On Thursday, when I was exactly 20 weeks pregnant, I had my 20-week anomaly scan. According to the ultrasound technician, the little bub is measuring totally normally and was very cooperative. (This is something this very same tech said to me at the 12-week ultrasound, so I think it means I’m guaranteed to have a very well behaved child for the rest of my life. A GIRL CAN DREAM.)
We got to see its brains and its kidneys and its ten little fingers wiggling around. In the photo above, it’s basically dancing a contortionist jig, with its arms all over the place and its legs up over its head. When this photo was taken, the tech asked us, “So, looking at this, who does it take after?” prompting a sex joke from The Boyfriend, which the very English technician then pretended not to have totally set up for him.
At various times throughout the scan, as the baby moved around and we saw bits of facial bone and dark shadows, it really did look like most of the terrifying online ultrasound photos my mother and aunt tried to convince me were fake, so I win. THEY ARE REAL.

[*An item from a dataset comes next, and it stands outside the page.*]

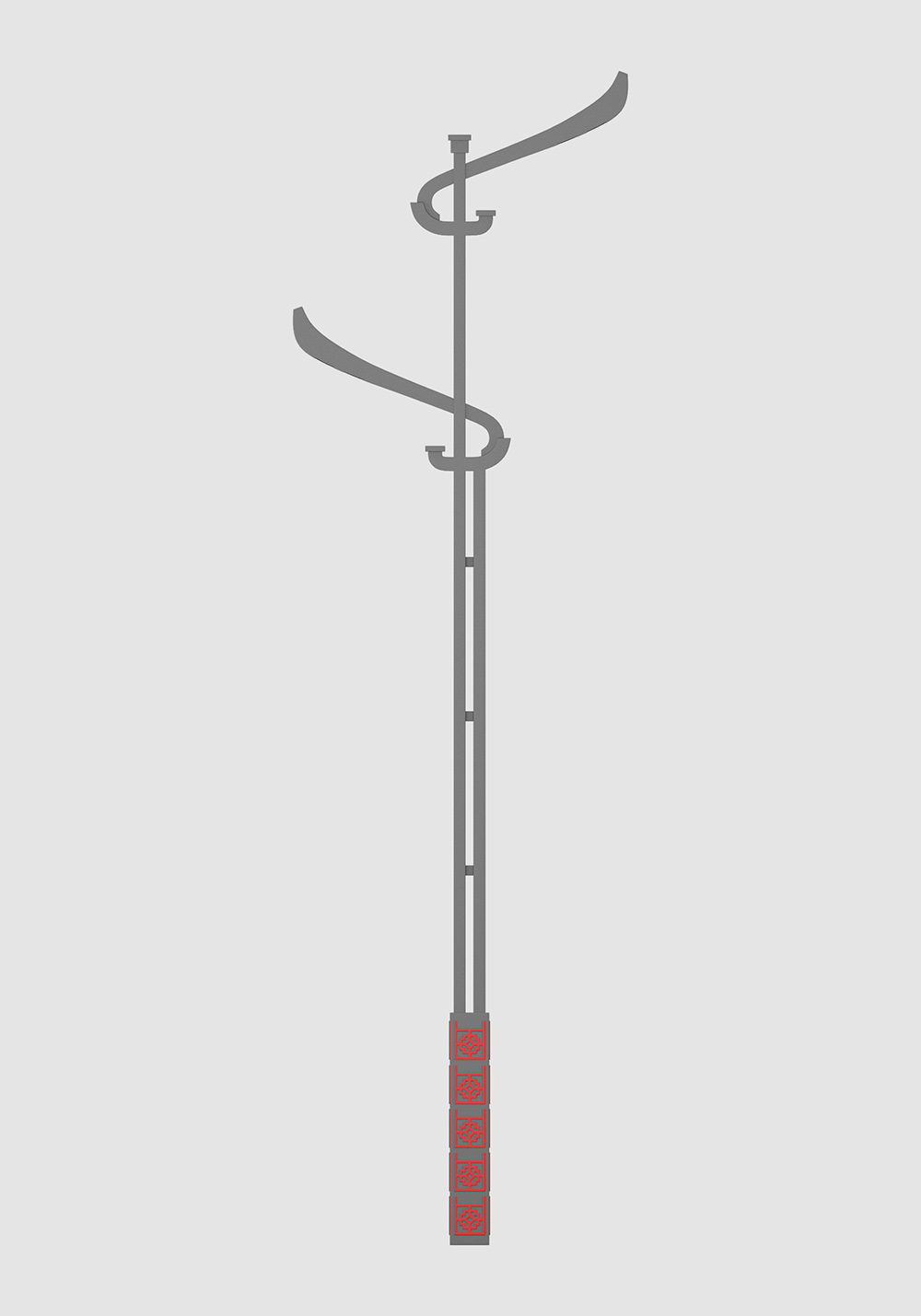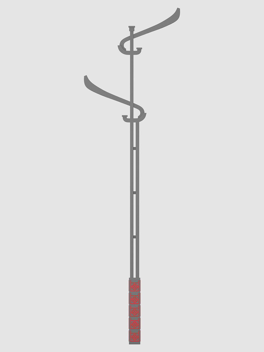 設(shè)計要點:經(jīng)歷時許,方知時光易逝,回首前世,聞見不凡簡史,此燈具借鑒傳統(tǒng)建筑中的斗拱樣式,經(jīng)過簡化修改,燈具上部采用方管拼接,錯位焊接,燈頭部分采用優(yōu)美弧度曲線,頂部采用方形裝飾蓋,下部立體圖案,整體簡潔大氣,優(yōu)雅靈動,適合文化氛圍強的區(qū)域。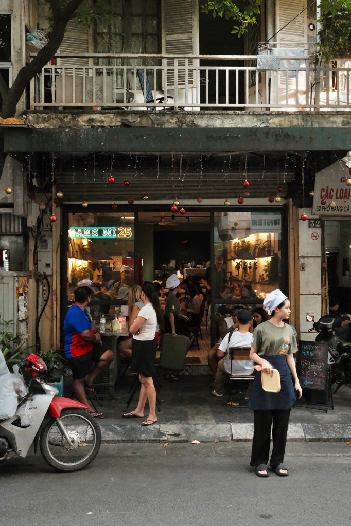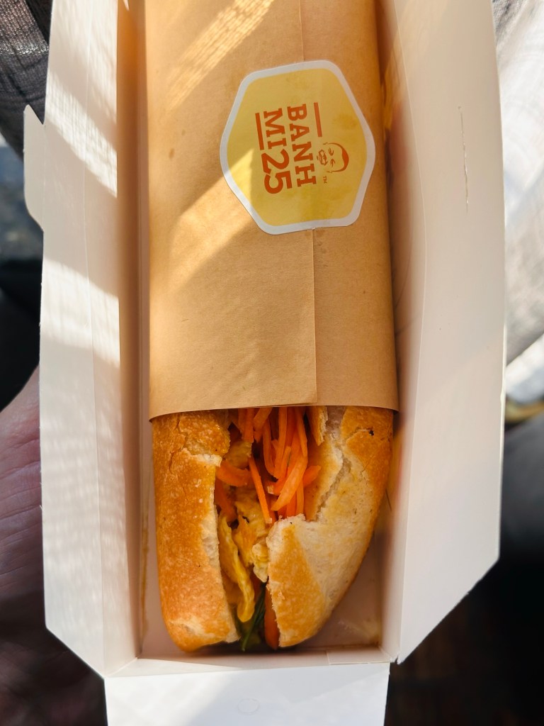 Banh Mi is an important topic when visiting Vietnam. The French-influenced bread with a unique mix of pickled veg, pâté, and normally pork or duck, with a helping of coriander, is rightly celebrated. Luckily for me, there’s often a veggie version available, with egg or tofu and the same salad/veg mix. The quality does vary, with the lower end of the scale being a bit bland and bready, and the higher end being a sublime mix of flavours and texture, symbolising one of the tastes of Vietnam. As this wasn’t our first rodeo in Hanoi, we were keen to sample some of the best. What was surprising was that a couple of good places from my last trip (2017) had blown up even bigger, now grand commercial enterprises. Which did mean hype, bigger queues, and more diverse menus, which reduced some of the charm. We searched out some new spots though, that certainly delivered on taste. Big thanks, James, for sharing his bahn mi ratings guide from a trip a couple of years back. Number one tip – pick up a Banh Mi before you head to the airport or train station for the perfect mid travel meal.

We also found out what the little bub is, and as much as I want to tell everyone I know on any and all social media platforms, I am keeping my huge mouth closed about that until I go home for my mom’s Most Epic Baby Shower In History. I’m also kinda in love with the idea that the people who might get me gifts (because that is so not an expectation) will have to do it without knowing what the gender is. This kid will love cupcakes and dinosaurs no matter what its genitalia is!
Maybe I’ll have that printed on a t-shirt and make Baby wear it on the first day of kindergarten.